John Launchbury posed a nice puzzle about
mutual recursive bindings in the do notation:
--------------------
test :: [Int]
test = do (x,z) <- [(y,1),(2*y,2), (3*y,3)]
Just y <- map isEven [z .. 2*z]
return (x+y)
isEven x = if even x then Just x else Nothing
---------------------
I would consider it as equivalent to:
---------------------
testTrans :: [Int]
testTrans = do (x,z) <- [(\y -> y,1),(\y -> 2*y,2), (\y -> 3*y,3)]
Just y <- map isEven [z .. 2*z]
return (x y+y)
isEven x = if even x then Just x else Nothing
---------------------
which hugs accepts and evaluates to [4,6,12,16,24].
The principle is to consider variables (x) bound to expressions containing
later-bound variables (y) as functions accepting values for y.
When x is used, the current y is supplied.

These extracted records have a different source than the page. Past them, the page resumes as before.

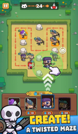 2. 强化英雄,通过持续成长强化实力,守卫防线,征服更艰难的挑战关卡。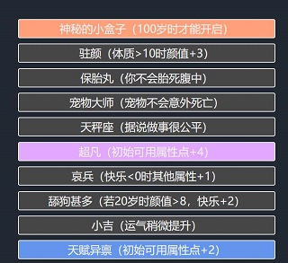 3、建议玩家们想要活到100岁选神秘的小盒子天赋,选了这个就主攻体质尽量活到100岁。要不然就主攻智力,去买乞丐的仙法,同时也不能丢掉体质。修仙的话千万不要选多重人格和克苏鲁。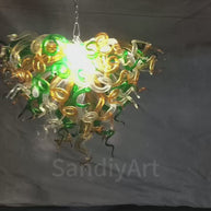 The combination of gold and green is so beautiful. It has both the freshness of nature and the luxury of wealth. The extreme combination of two different meanings presents an amazing effect. Gold and green, is this the combination you are looking for? Is it just what you want? Choose it and let this lamp amaze your space.Green and maber hand made murano glass ceiling light.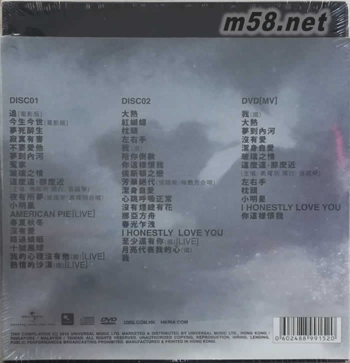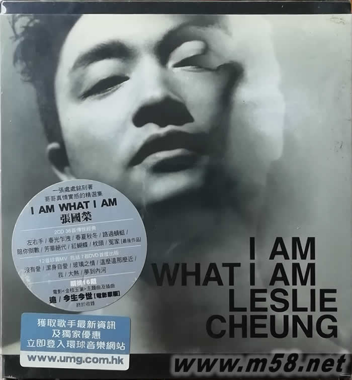I Am What I Am 張國榮 2CD+DVD(m58.net) 2CD 36首傳世經典:- 左右手 春光乍泄 春夏秋冬 路過蜻蜓 陪你倒數 芳華絕代 紅蝴蝶 枕頭 冤家 [最后作品] 12首珍貴MV包括6首DVD首度出版:- 沒有愛 潔身自愛 玻璃之情 這麼遠那麼近 我 大熱 夢到內河 特別首度收錄 樂迷苦等16年 電影金枝玉葉主題曲及插曲:- 追/今生今世 [電影版]我們的哥哥,你..認識有幾多? 絕色才藝 換來萬千寵愛最紅最熱 贏得音樂自主 I am What I am充滿主見的環球巨星 張國榮 一張處處銘刻著哥哥真情實感的精選唱片 由哥哥親手打造闡(音:展)釋:「誰是張國榮?」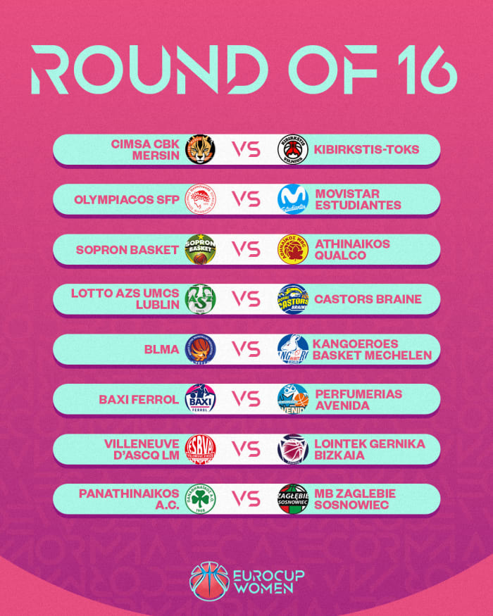 CIMSA CBK Mersin vs Kibirkstis-TOKS Olympiacos SFP vs Movistar Estudiantes Sopron Basket vs Athinaikos Qualco LOTTO AZS UMCS Lublin vs Castors Braine BLMA vs Kangoeroes Basket Mechelen BAXI Ferrol vs Perfumerias Avenida Villeneuve d'Ascq LM vs Lointek Gernika Bizkaia Panathinaikos AC vs MB Zaglebie Sosnowiec

MORE GENERAL would be to consider the following equivalent version
of the original program:
---------------------
test' :: [Int]
test' = do (x,z) <- return (y,1) ++
return (2*y,2) ++
return (3*y,3)
Just y <- map isEven [z .. 2*z]
return (x+y)
---------------------
and adapt all occurrences of return
to returning functions accepting the later-bound variables.
Patterns fed by such returns are replaced by new function variables (f).

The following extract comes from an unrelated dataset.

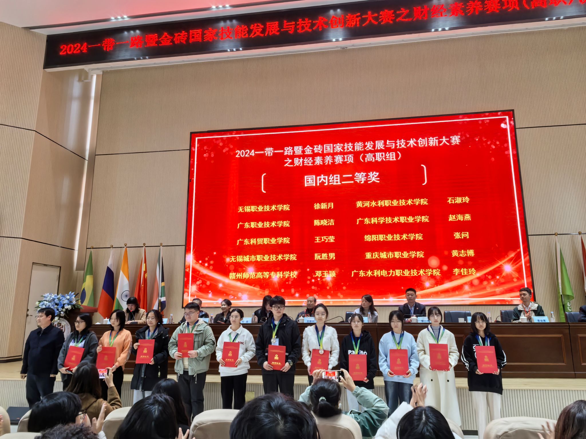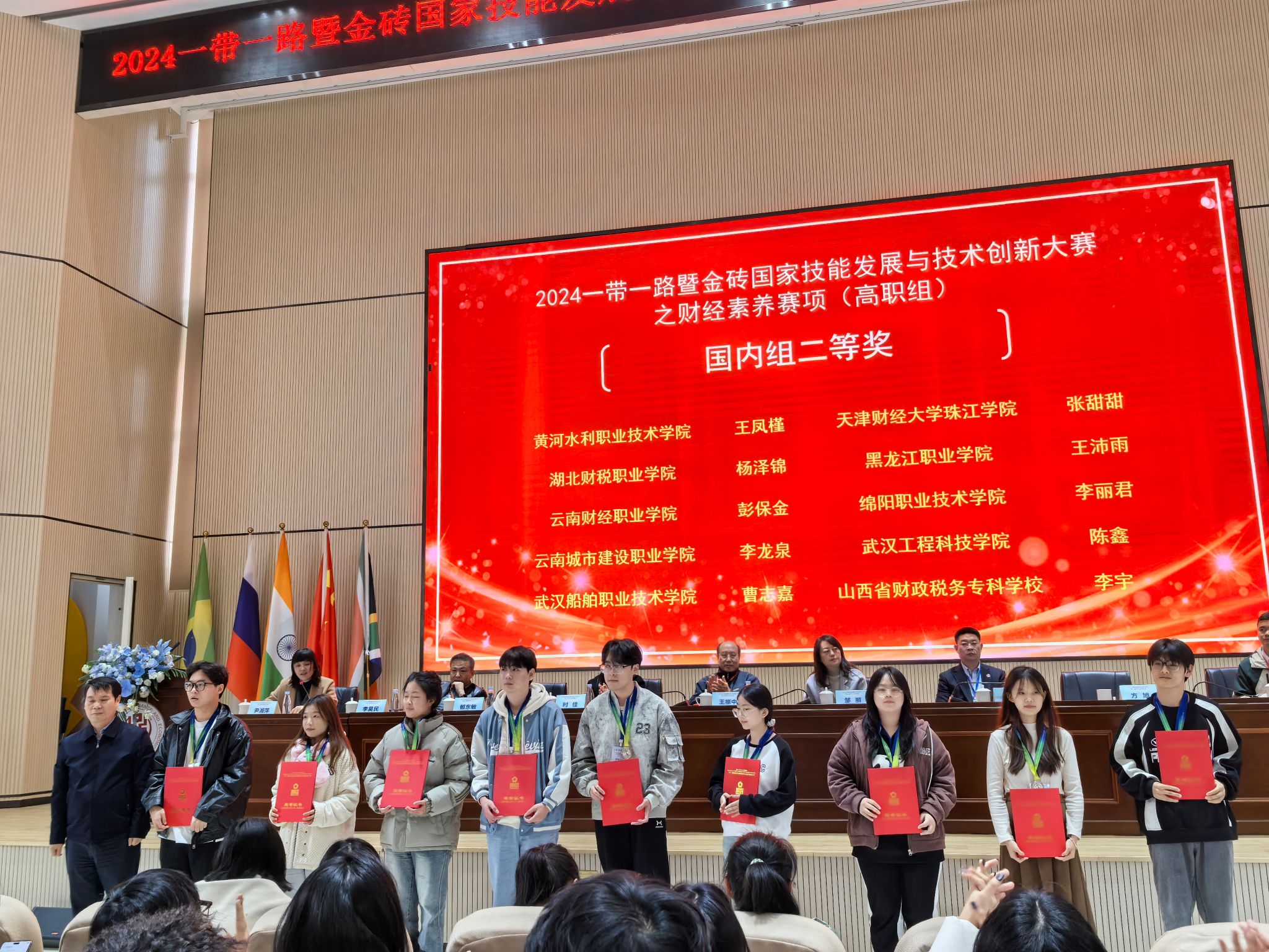 2024年11月23日,2024一带一路暨金砖国家技能发展与技术创新大赛第二届财经素养赛项在云南财经职业学院举行。我校选手大数据与会计(注册会计师方向)2401班石淑玲、王凤槿均获得国赛二等奖。

Variables bound in patterns fed by such returns
occur in two situation:
1: (z) before the later bindings:
Apply to undefined and extract from the pattern,
2: (x) after the later bindings:
Apply to the now bound variable and extract from the pattern.
---------------------
testTrans' :: [Int]
testTrans' = do f <- return (\y -> ( y,1)) ++
return (\y -> (2*y,2)) ++
return (\y -> (3*y,3))
let z = snd (f undefined)
Just y <- map isEven [z .. 2*z]
let x = fst (f y)
return (x + y)
---------------------
Hugs says:
Main> testTrans'
[4,6,12,16,24]
How about it?
Best regards,
Wolfram